In his paper, Reproducible Research and Cloud Computing, Bill Howe asks:

What happens if you do all your work on a virtual machine hosted in the cloud? When it came time to publish, you might make a snapshot of the VM, make it public, and cite it in your paper. Those who wish to reproduce your experiments would launch the virtual machine (on their dime) and have access to your entire experimental environment --- the code, the data, the environment, log files, notes, etc. There would be no need to install a network of complex, version-sensitive inter-dependent prerequisites.

Indeed, what a good idea! But not, I think, sufficient.

This idea -- that posting a VM is sufficient for reproducibility -- has hit my Twitter feed a couple of times now, and each time I feel compelled to make the point that this isn't useful reproducibility.

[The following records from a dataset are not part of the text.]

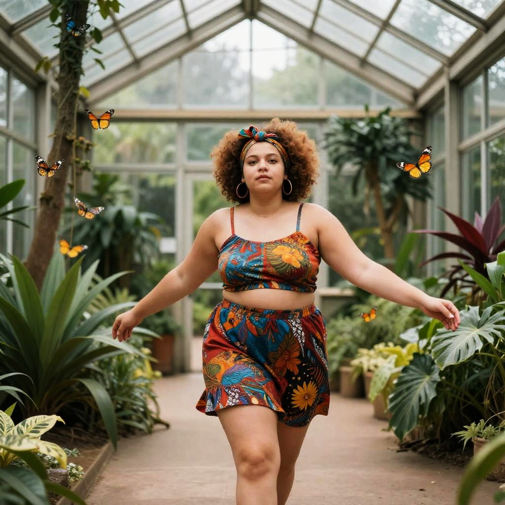 Plus-size woman with a vibrant afro and colorful headscarf gracefully moved through a secluded glass conservatory filled with exotic butterflies and tropical plants, celebrating self-acceptance and quiet triumph as she embraced the beauty around her.
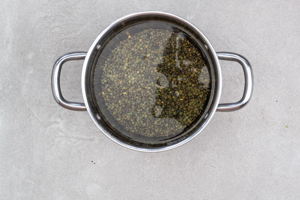 Den Backofen auf 200°C Umluft oder 220°C Ober-/Unterhitze vorheizen. Einen mittelgroßen Topf mit 1,5L Wasser zum Kochen bringen. Sobald das Wasser kocht, die Linsen darin zugedeckt ca. 20-25Min. kochen. Dann abgießen und kalt abschrecken.
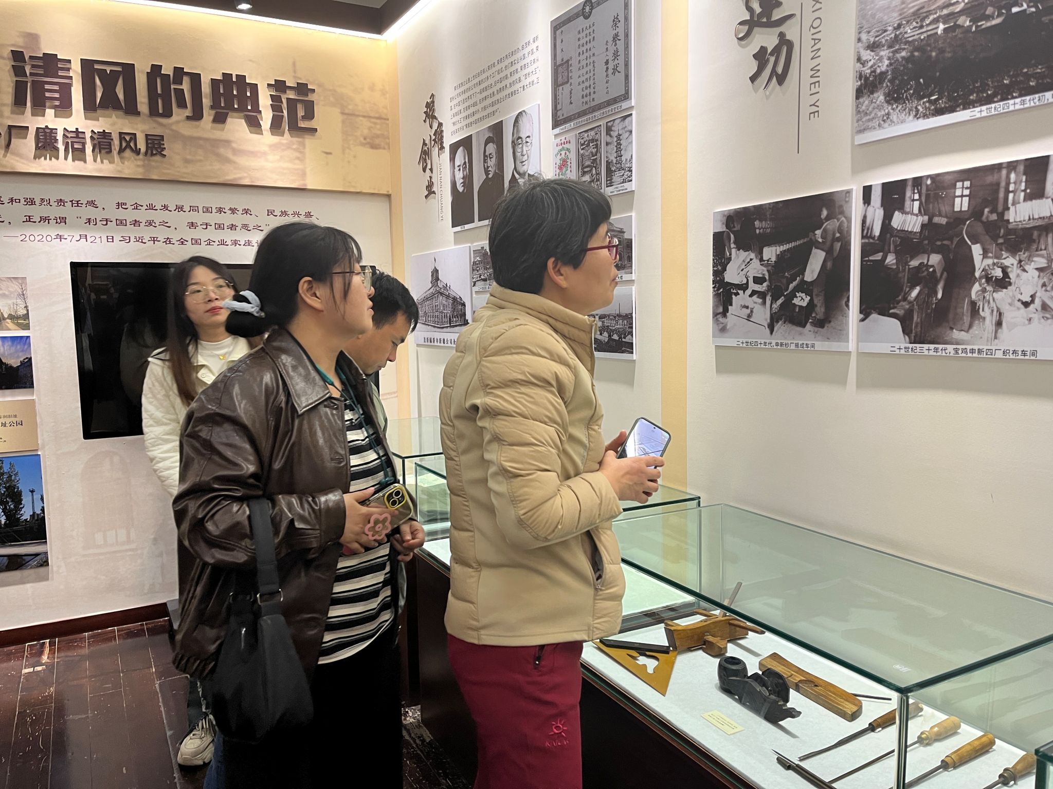接着,党员们到长乐塬抗战工业遗址见证了工业发展的历史变迁。参观过程中,党员们看到了古老的纺织机械设备、保存完好的厂房建筑以及珍贵的历史照片与文献资料。从传统的纺纱机到织布机,这些锈迹斑斑却承载厚重历史的器械,无声地诉说着往昔纺织业的繁荣盛景。讲解员详细介绍了该纺织工业遗址的发展历程,从创立之初的艰辛,到兴盛时期的辉煌,再到面临时代变革时的转型与坚守,党员们深刻感受到老一辈纺织人艰苦奋斗、也对新时代纺织行业的创新发展与责任担当有了更多思考。党员们还参观了陕西省廉政教育基地——宝鸡市廉政教育展馆和宝鸡市廉政文化主题——家风园。
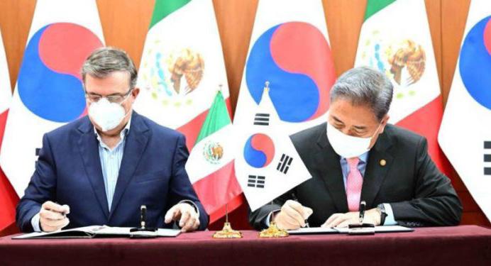 El canciller mexicano subrayó que los intercambios económicos entre ambas partes crecen año a año y que actualmente el volumen de intercambio comercial se sitúa en torno a los 25 mil millones de dólares, con una inversión surcoreana acumulada en México de unos 8 mil millones de dólares.
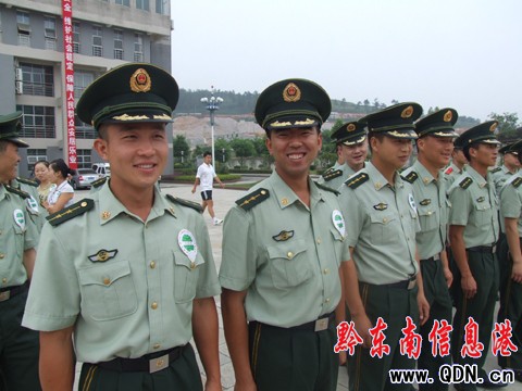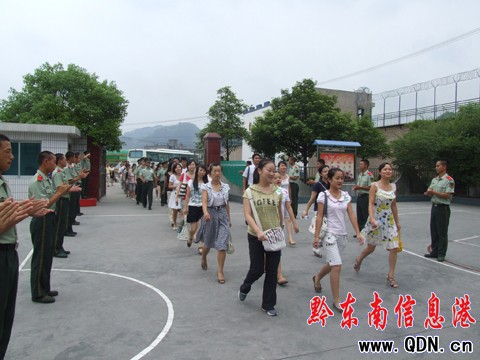 武警官兵列隊熱烈歡迎女青年的到來
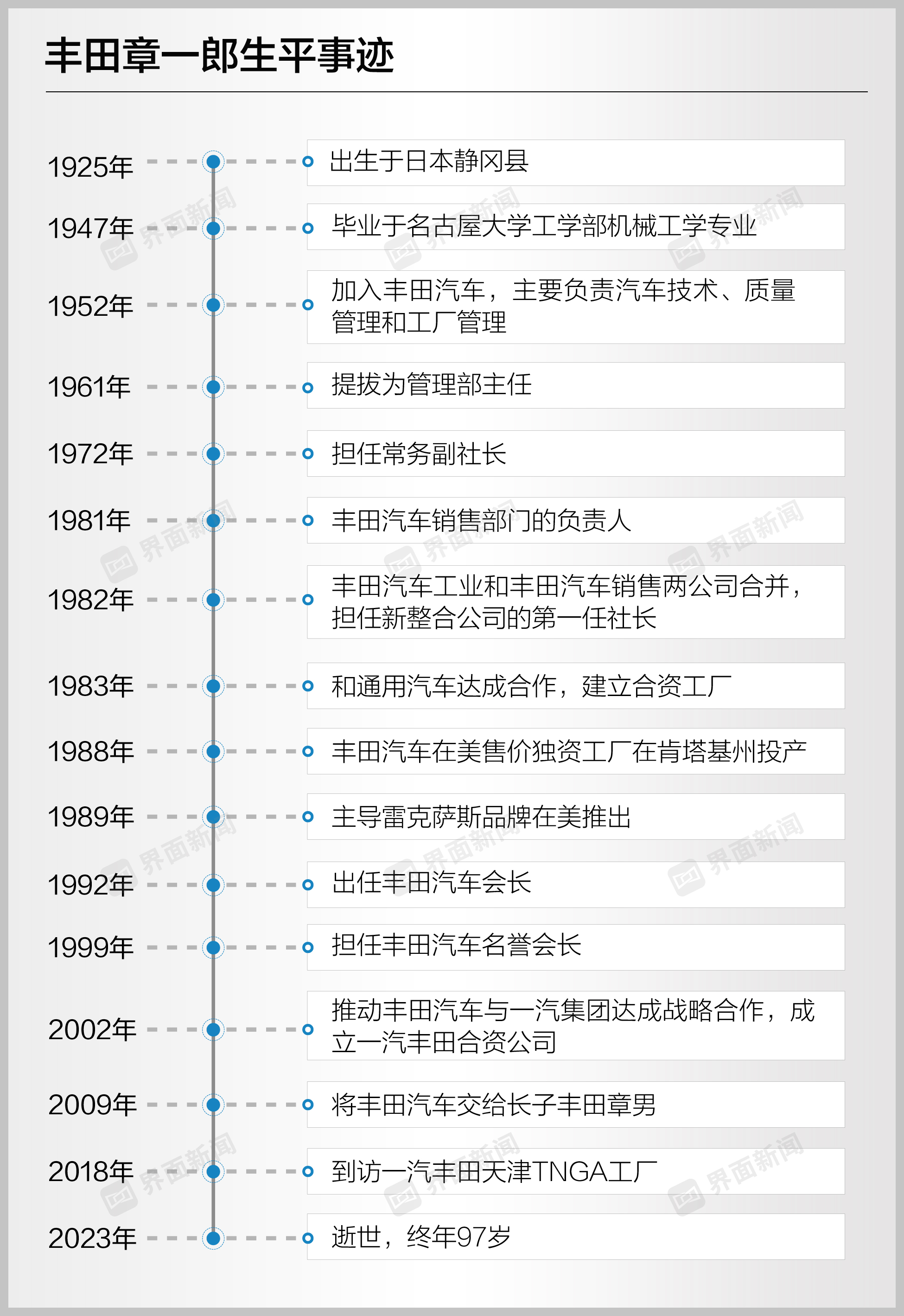 丰田章一郎在1952年加入家族企业丰田汽车,1982年成为丰田掌舵人。在此后近20年的时间里,丰田章一郎带领这家日本汽车制造商进军北美制造业,并主导推出了豪华品牌雷克萨斯和混动车型普锐斯,前者在华销量连续17年增长,后者累计全球销量已超过500万辆。

Mick Watson put it best when he said you can't install an image for every pipeline you want.

To put it another way, it is certainly true that posting a virtual machine is a way to make your research reproducible. It's just not a very useful way, in the sense that it effectively blocks remixing or mashing up the code. In my post on the diginorm paper I made this point in response to some poo-pooing of replicability:

Fifth, and probably most significant from a practical perspective, Graham misses the point of reuse. In bioinformatics, it behooves us to reuse proven (aka published) tools -- at least we know they worked for someone, at least once, which is not usually the case for newly written software.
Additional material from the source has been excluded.